Start of GIVEN DATA

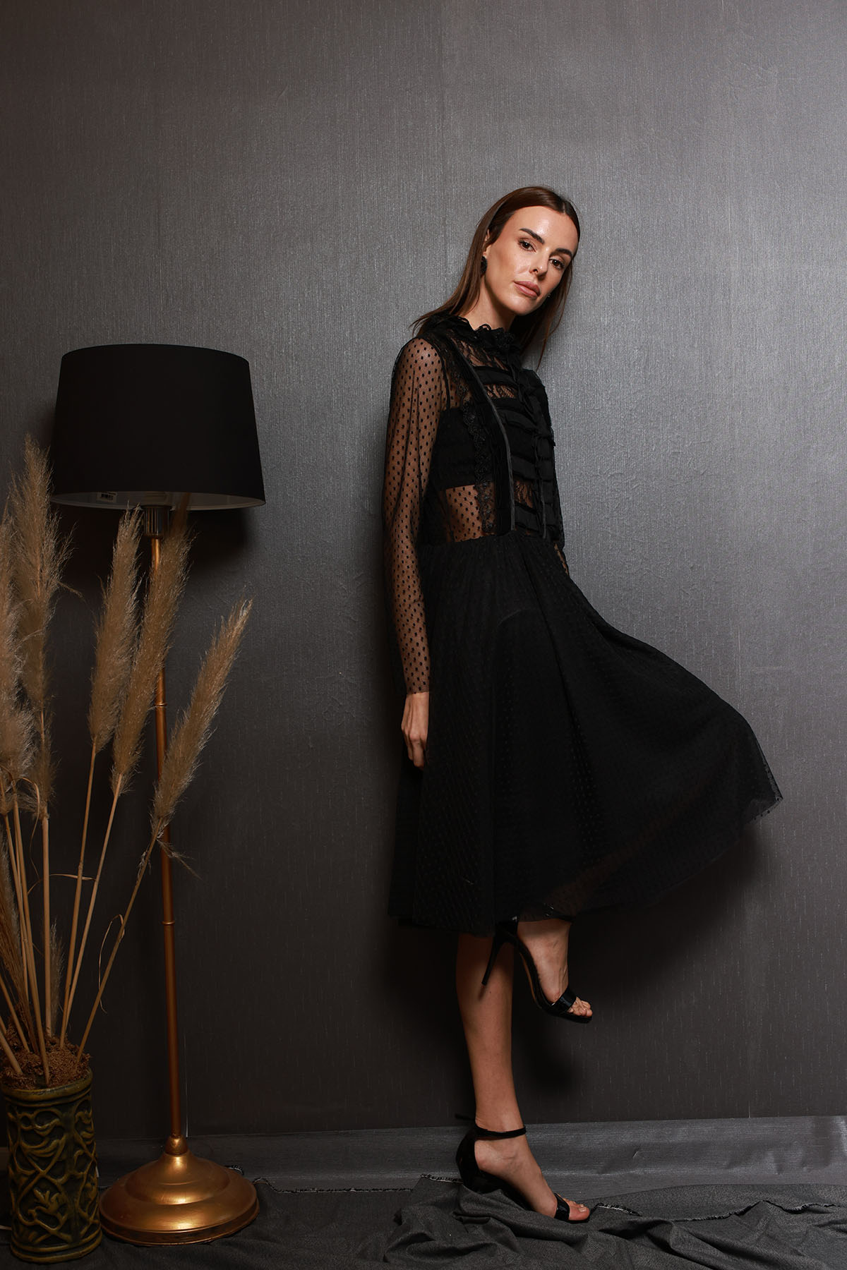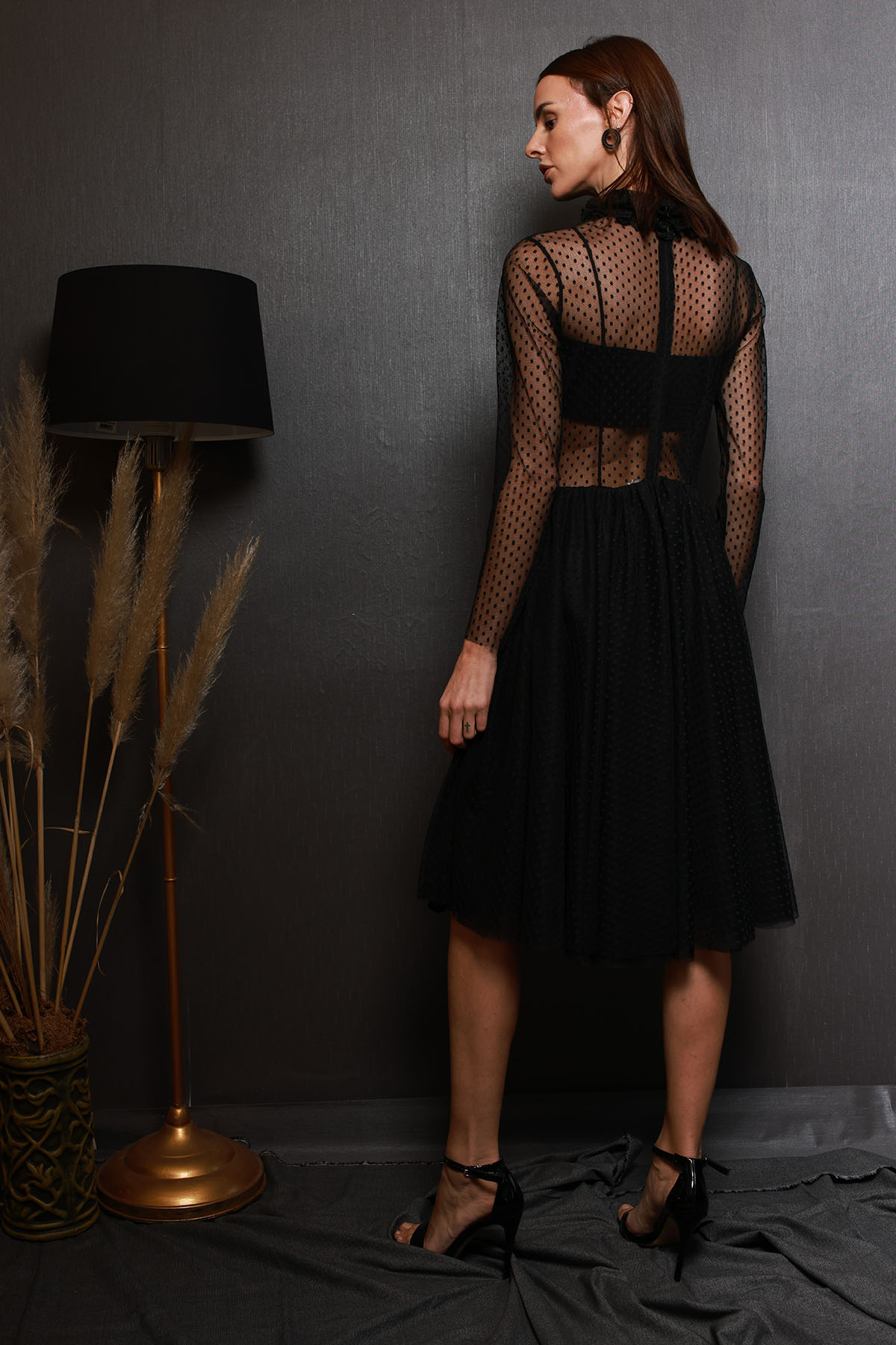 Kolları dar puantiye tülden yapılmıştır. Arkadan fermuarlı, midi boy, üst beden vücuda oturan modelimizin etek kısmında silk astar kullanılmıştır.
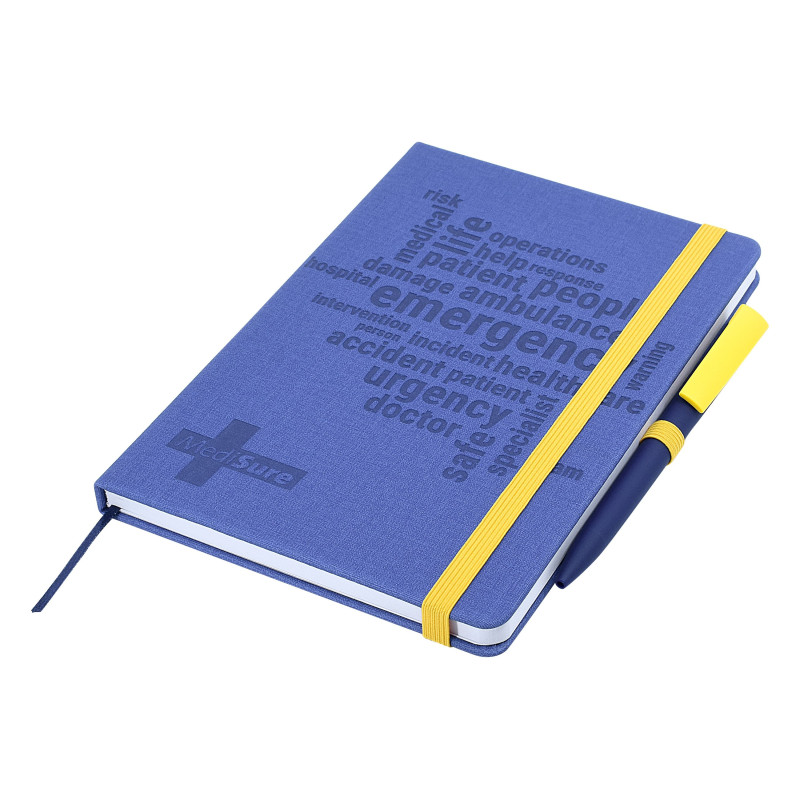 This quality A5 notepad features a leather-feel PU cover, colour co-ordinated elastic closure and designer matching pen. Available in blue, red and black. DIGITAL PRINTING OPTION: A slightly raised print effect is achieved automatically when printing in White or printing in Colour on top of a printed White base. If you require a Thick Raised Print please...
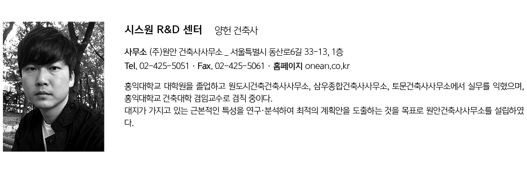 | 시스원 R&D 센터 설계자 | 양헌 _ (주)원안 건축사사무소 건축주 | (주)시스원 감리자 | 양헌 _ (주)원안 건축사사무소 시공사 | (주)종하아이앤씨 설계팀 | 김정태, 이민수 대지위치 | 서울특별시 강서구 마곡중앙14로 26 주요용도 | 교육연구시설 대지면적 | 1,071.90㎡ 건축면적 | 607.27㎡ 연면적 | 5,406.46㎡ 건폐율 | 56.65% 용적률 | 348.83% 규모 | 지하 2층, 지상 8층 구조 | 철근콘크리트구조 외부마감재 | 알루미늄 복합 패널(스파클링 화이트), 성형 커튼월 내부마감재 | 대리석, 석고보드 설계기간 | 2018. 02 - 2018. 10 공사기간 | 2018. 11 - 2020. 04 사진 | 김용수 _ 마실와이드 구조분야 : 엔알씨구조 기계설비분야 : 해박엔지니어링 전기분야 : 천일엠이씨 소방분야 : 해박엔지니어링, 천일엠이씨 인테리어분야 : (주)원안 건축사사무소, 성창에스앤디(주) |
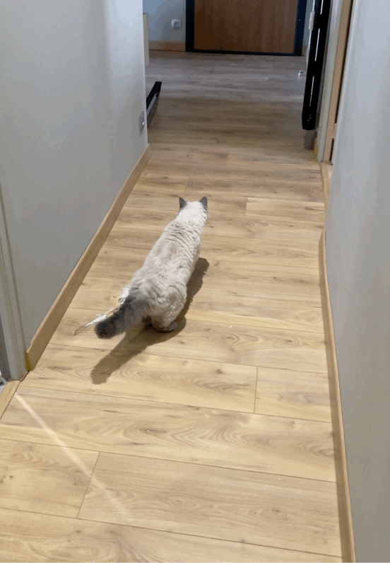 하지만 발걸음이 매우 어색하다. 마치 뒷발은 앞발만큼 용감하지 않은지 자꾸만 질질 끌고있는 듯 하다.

End of GIVEN DATA

▶ EXERCISE DETAILS
Pictures are to be left out; the rest of the listing should be printed exactly.

▶ TASK SOLUTION
 Kolları dar puantiye tülden yapılmıştır. Arkadan fermuarlı, midi boy, üst beden vücuda oturan modelimizin etek kısmında silk astar kullanılmıştır.
 This quality A5 notepad features a leather-feel PU cover, colour co-ordinated elastic closure and designer matching pen. Available in blue, red and black. DIGITAL PRINTING OPTION: A slightly raised print effect is achieved automatically when printing in White or printing in Colour on top of a printed White base. If you require a Thick Raised Print please...
 | 시스원 R&D 센터 설계자 | 양헌 _ (주)원안 건축사사무소 건축주 | (주)시스원 감리자 | 양헌 _ (주)원안 건축사사무소 시공사 | (주)종하아이앤씨 설계팀 | 김정태, 이민수 대지위치 | 서울특별시 강서구 마곡중앙14로 26 주요용도 | 교육연구시설 대지면적 | 1,071.90㎡ 건축면적 | 607.27㎡ 연면적 | 5,406.46㎡ 건폐율 | 56.65% 용적률 | 348.83% 규모 | 지하 2층, 지상 8층 구조 | 철근콘크리트구조 외부마감재 | 알루미늄 복합 패널(스파클링 화이트), 성형 커튼월 내부마감재 | 대리석, 석고보드 설계기간 | 2018. 02 - 2018. 10 공사기간 | 2018. 11 - 2020. 04 사진 | 김용수 _ 마실와이드 구조분야 : 엔알씨구조 기계설비분야 : 해박엔지니어링 전기분야 : 천일엠이씨 소방분야 : 해박엔지니어링, 천일엠이씨 인테리어분야 : (주)원안 건축사사무소, 성창에스앤디(주) |
 하지만 발걸음이 매우 어색하다. 마치 뒷발은 앞발만큼 용감하지 않은지 자꾸만 질질 끌고있는 듯 하다.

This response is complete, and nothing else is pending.